Hamburgers, $20 and some clothes.

That’s what detectives say Alejandra Carvajal gave serial rape suspect Reynaldo E. Rapalo the night after he escaped from jail. But there is something that Carvajal claims she didn’t give Rapalo.

He wanted sex.

‘She said, `No, we’re not married,’ '' said Miami-Dade Detective Mary Walters, a Police Department spokeswoman.

Detectives arrested Carvajal, 45, late Tuesday, charging with her with being an accomplice after the fact to a sexual battery. She was booked into the Turner Guilford Knight Correctional Center, the same jail from which Rapalo escaped last month, sparking a furious six-day manhunt.

Late Wednesday, detectives made a second arrest in connection with Rapalo’s escape: local disc jockey Antonio Discua, 53, who lives in the 6400 block of McClellan Street in Hollywood. He faces the same charge as Carvajal.

Police described Discua as ''an apparent close friend’’ of Rapalo’s who spoke with the escapee by telephone on a number of occasions. Discua ''had intentions on helping Rapalo by providing money and transportation,’' Miami-Dade Detective Roy Rutland said in a press release.

Discua was arrested at his home about 10:30 p.m. Wednesday by Florida Department of Law Enforcement agents, Rutland said.

No further arrests were currently anticipated, he added.

Carvajal, wearing a purplish blouse, appeared in Miami-Dade Circuit Court on Wednesday, appearing flustered in the face of felony charges. She couldn’t remember her address when asked.

Bail was set at $20,000, but she had not posted it by late Wednesday. She could face up to 30 years in prison.
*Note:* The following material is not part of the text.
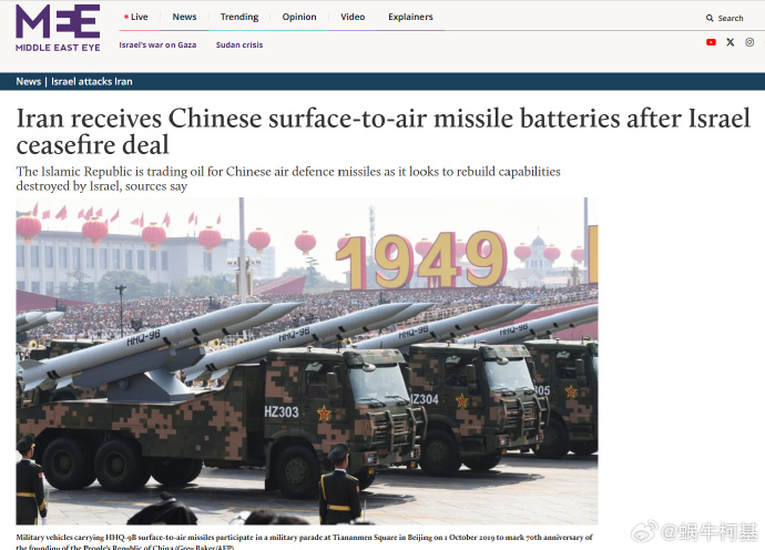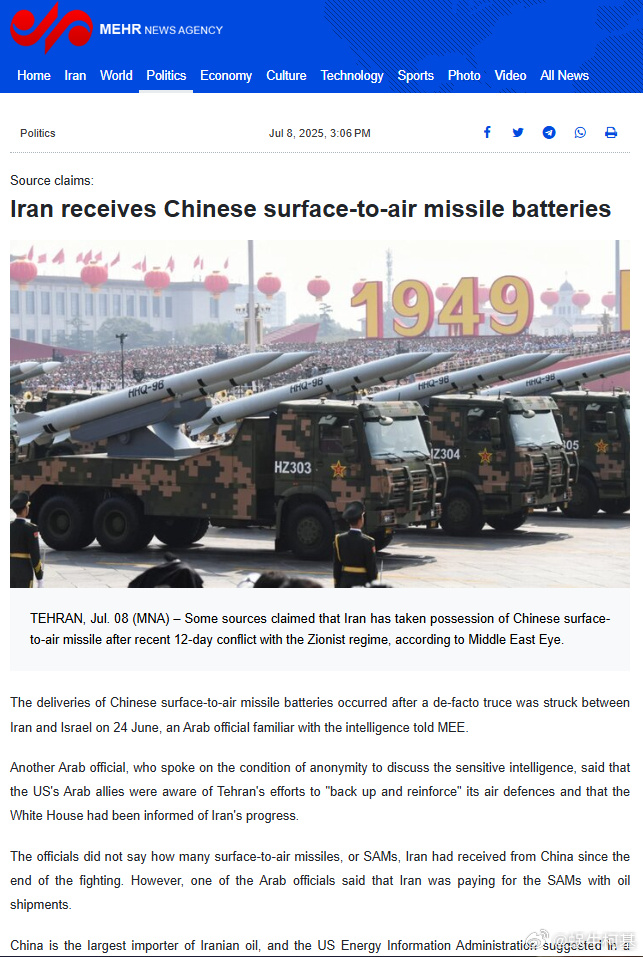 伊朗半官方的梅爾通訊社宣佈,伊朗接收了中國防空系統。

Like Rapalo, Carvajal is here illegally from Honduras and faces deportation, police said.

Her story drew no pity from Miami-Dade State Attorney Katherine Fernández Rundle, who blasted Carvajal for keeping silent about Rapalo while hundreds of police officers scoured Miami-Dade County for him.

''She harbored him; he was a violent fugitive,’' Fernández Rundle said. ``And an entire community was gripped in fear.’'

Rapalo is accused of raping seven females, ages 11 to 79. He was originally arrested by Miami police in September 2003 after another massive manhunt.

He and another inmate used ropes fashioned from bedsheets to scale down multiple stories of TGK on Dec. 20. The other inmate broke his ankles and was nabbed quickly.

Rapalo eluded police for six days, living mostly in a makeshift shelter in a wooded area by railroad tracks. He was caught after being spotted at a Southwest Miami-Dade strip mall.

Carvajal was not in the same situation as Rapalo’s former girlfriend, Araminta Rodríguez. She had a tormented relationship with Rapalo -- who was arrested in July 2002 after threatening to bash down the door of their Little Havana house and kill her with a hammer.

But the police say that Carvajal was a longtime acquaintance whom he phoned for help from a gas station the night he escaped from TGK. He told her about his escape. ''She felt sorry for him,’' Miami-Dade Detective Ralph Duran said.

Detectives say that Carvajal took a bus the following night from her Little Havana apartment to Rapalo’s makeshift shelter around Southwest 69th Avenue and Bird Road.

After giving him the food, money and clothes, Carvajal talked with Rapalo for several hours, she told police. She refused his sexual advances, she claimed.

After Carvajal left, she threw her cellphone into a garbage can, fearing that police would track her calls. Police declined to say how they identified her.

Her brother-in-law, Sergio Aguilar, said she had rented a room from him for several months. She has three children in Honduras and worked cleaning houses in Miami Beach.

Aguilar said he did not know the extent of her relationship with Rapalo.